Output only the lines of the entries that follow, starting at the one with "Stel af pulverlakeret" and running down to the one with "<p>This decorative artwork", both included and unchanged.

-------- Records for the exercise

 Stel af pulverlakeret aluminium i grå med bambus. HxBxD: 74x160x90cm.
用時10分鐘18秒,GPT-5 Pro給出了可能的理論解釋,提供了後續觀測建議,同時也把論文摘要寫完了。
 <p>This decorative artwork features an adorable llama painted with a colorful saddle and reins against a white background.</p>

----------------
-------- Records for the exercise

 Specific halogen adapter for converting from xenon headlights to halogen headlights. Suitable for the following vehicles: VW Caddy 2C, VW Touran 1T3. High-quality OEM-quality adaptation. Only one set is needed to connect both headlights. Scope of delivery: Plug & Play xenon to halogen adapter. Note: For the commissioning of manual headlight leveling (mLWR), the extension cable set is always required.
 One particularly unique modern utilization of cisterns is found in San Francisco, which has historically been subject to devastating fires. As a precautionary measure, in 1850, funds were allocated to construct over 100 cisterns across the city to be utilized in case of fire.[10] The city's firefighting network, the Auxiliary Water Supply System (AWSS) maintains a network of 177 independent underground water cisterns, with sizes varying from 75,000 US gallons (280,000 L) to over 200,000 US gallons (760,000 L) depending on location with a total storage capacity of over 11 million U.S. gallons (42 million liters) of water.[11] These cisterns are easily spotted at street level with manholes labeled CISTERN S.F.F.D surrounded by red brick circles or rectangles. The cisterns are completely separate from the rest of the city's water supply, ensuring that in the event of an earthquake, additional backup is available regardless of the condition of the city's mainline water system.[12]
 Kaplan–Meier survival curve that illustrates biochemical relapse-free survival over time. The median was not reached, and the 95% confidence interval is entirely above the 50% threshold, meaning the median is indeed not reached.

----------------
-------- Records for the exercise

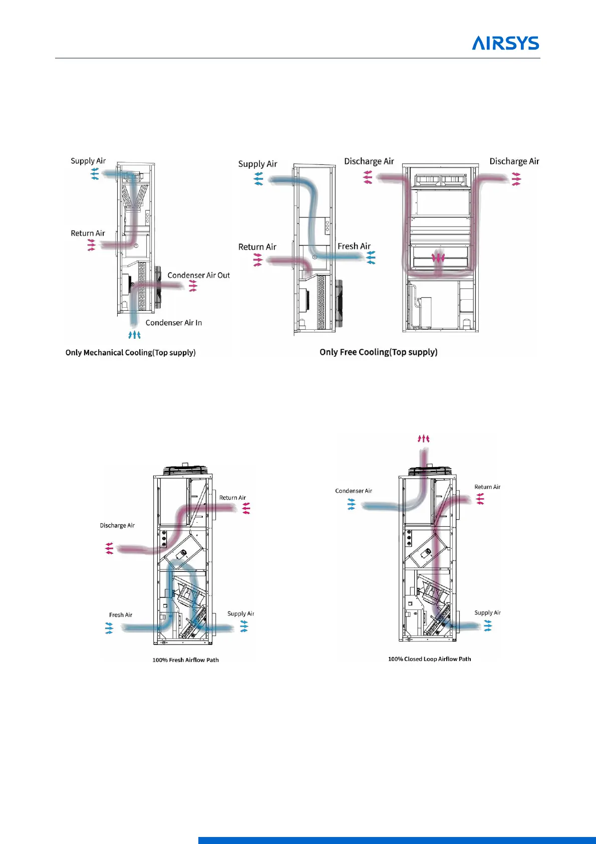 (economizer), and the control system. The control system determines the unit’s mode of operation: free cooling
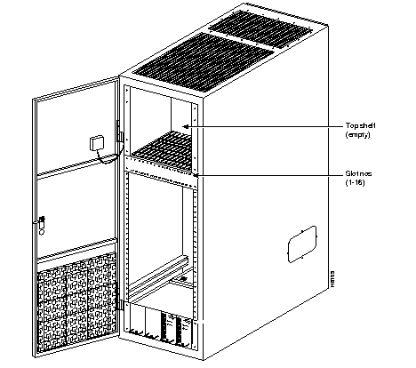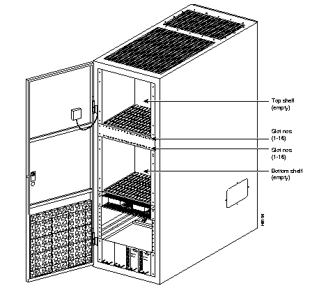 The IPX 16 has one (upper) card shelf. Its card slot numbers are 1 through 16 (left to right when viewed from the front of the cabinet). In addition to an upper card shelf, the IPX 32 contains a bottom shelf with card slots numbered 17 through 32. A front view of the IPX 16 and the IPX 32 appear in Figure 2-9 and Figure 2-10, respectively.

----------------

- [Output]
 Stel af pulverlakeret aluminium i grå med bambus. HxBxD: 74x160x90cm.
用時10分鐘18秒,GPT-5 Pro給出了可能的理論解釋,提供了後續觀測建議,同時也把論文摘要寫完了。
 <p>This decorative artwork features an adorable llama painted with a colorful saddle and reins against a white background.</p>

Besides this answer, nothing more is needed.